Why does this receiver go routine refuse to terminate when the connection is closed

This runs as expected but then randomly, every 20-10,000x it is called, a receiver will fail to shutdown, which then causes a go routine leak, leading to 100% cpu.

Note: If I log all errors, I will see read on a closed channel if the conn.SetReadDeadline is commented out. When used, I see i/o timeout as the error.

This ran for 10k cycles, where the main process starts 11 pairs of these send/receivers and they process 1000 jobs before the main process sends the shutdown signal. This setup ran for > 6 hours without any issue to to 10k cycles mark overnight, but this morning I can't get it to run more than 20 cycles without getting a receiver flagged as not shutting down and exiting.

func sender(w worker, ch channel) {

    var j job
    for {
        select {
        case <-ch.quit: // shutdown broadcast, exit
            w.Close()
            ch.stopped <- w.id // debug, send stop confirmed
            return

        case j = <-w.job: // worker designated jobs
        case j = <-ch.spawner: // FCFS jobs
        }

        ... prepare job ...

        w.WriteToUDP(buf, w.addr)

}

func receiver(w worker, ch channel) {

    deadline := 100 * time.Millisecond
out:
    for {
        w.SetReadDeadline(time.Now().Add(deadline))
        // blocking read, should release on close (or deadline)
        n, err = w.c.Read(buf)

        select {
        case <-ch.quit: // shutdown broadcast, exit
            ch.stopped <- w.id+100 // debug, receiver stop confirmed
            return
        default:
        }

        if n == 0 || err != nil {
            continue
        }
        update := &update{id: w.id}

         ... process update logic ...

        select {
        case <-ch.quit: // shutting down
            break out
        case ch.update <- update
        }

}

I need a reliable way to get the receiver to shutdown when it gets either the shutdown broadcast OR the conn is closed. Functionally, closing the channel should be enough and is the preferred method according to the go package documentation, see Conn interface.

I upgraded to the most recent go, which is 1.12.1 with no change. Running on MacOS in development and CentOS in production.

Any run into this problem? If so, how did you reliably fix it?


Possible Solution

My very verbose and icky solution that seems to possibly work, as a work around, is to do this:

1) start the sender in a go routine, like this (above, unchanged)

2) start the receiver in a go routine, like this (below)

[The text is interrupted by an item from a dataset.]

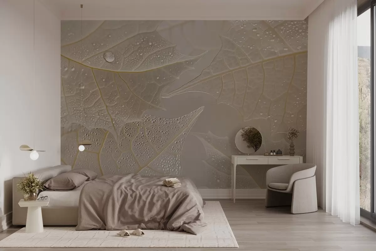 Fototapetai Smėlio spalvos lapų su gyslomis ir rasos lašeliais stambiu planu Nr. w02872
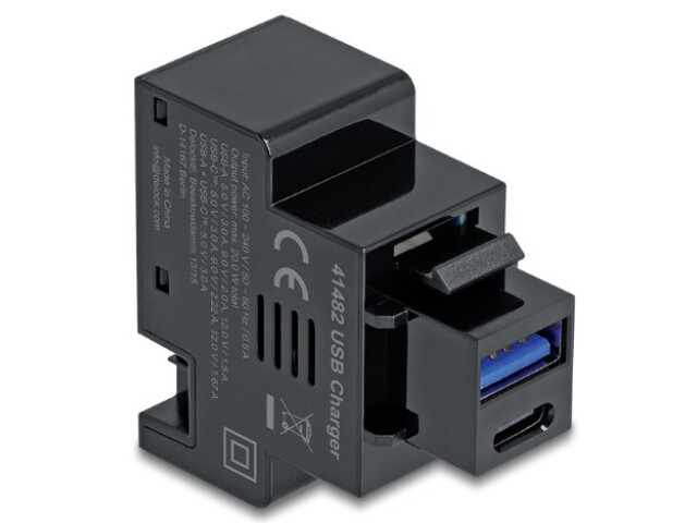 Dieses Modul von Delock stellt einen USB Typ-A und einen USB Type-C™ Power Delivery (PD) Ladeport zur Verfügung. Die USB Anschlüsse unterstützen gängige Schnellladeprotokolle. Angeschlossene Geräte können mit einer Leistung bis zu 20 W geladen werden. Durch die standardisierten Abmessungen ist es zur einfachen Snap-In Montage in verschiedene Halterungen, wie z. B. Keystone Patchpanel, Dosen oder Gehäuse geeignet.

func receive(w worker, ch channel) {

    request := make(chan []byte, 1)
    reader := make(chan []byte, 1)

    defer func() {
        close(request) // exit signaling
        w.c.Close()    // exit signaling
        //close(reader)
    }()

    go func() {

        // untried senario, for if we still have leaks -> 100% cpu
        // we may need to be totally reliant on closing request or ch.quit
        // defer w.c.Close()

        deadline := 100 * time.Millisecond
        var n int
        var err error

        for buf := range request {
            for {
                select {
                case <-ch.quit: // shutdown signal
                    return
                default:
                }
                w.c.SetReadDeadline(time.Now().Add(deadline))
                n, err = w.c.Read(buf)
                if err != nil { // timeout or close
                    continue
                }
                break
            }
            select {
            case <-ch.quit: // shutdown signal
                return
            case reader <- buf[:n]:
                //default:
            }
        }
    }()

    var buf []byte

out:
    for {

        request <- make([]byte, messageSize)

        select {
        case <-ch.quit: // shutting down
            break out
        case buf = <-reader:
        }

        update := &update{id: w.id}

      ... process update logic ...


        select {
        case <-ch.quit: // shutting down
            break out
        case ch.update <- update
        }

    }

My question is, why does this horrendous version 2, that spawns a new go routine to read from the blocking c.Read(buf) seem to work more reliably, meaning it does not leak when the shutdown signal is send, when the much simpler first version didn't ... and it seems to be essentially the same thing due to the blocking c.Read(buf).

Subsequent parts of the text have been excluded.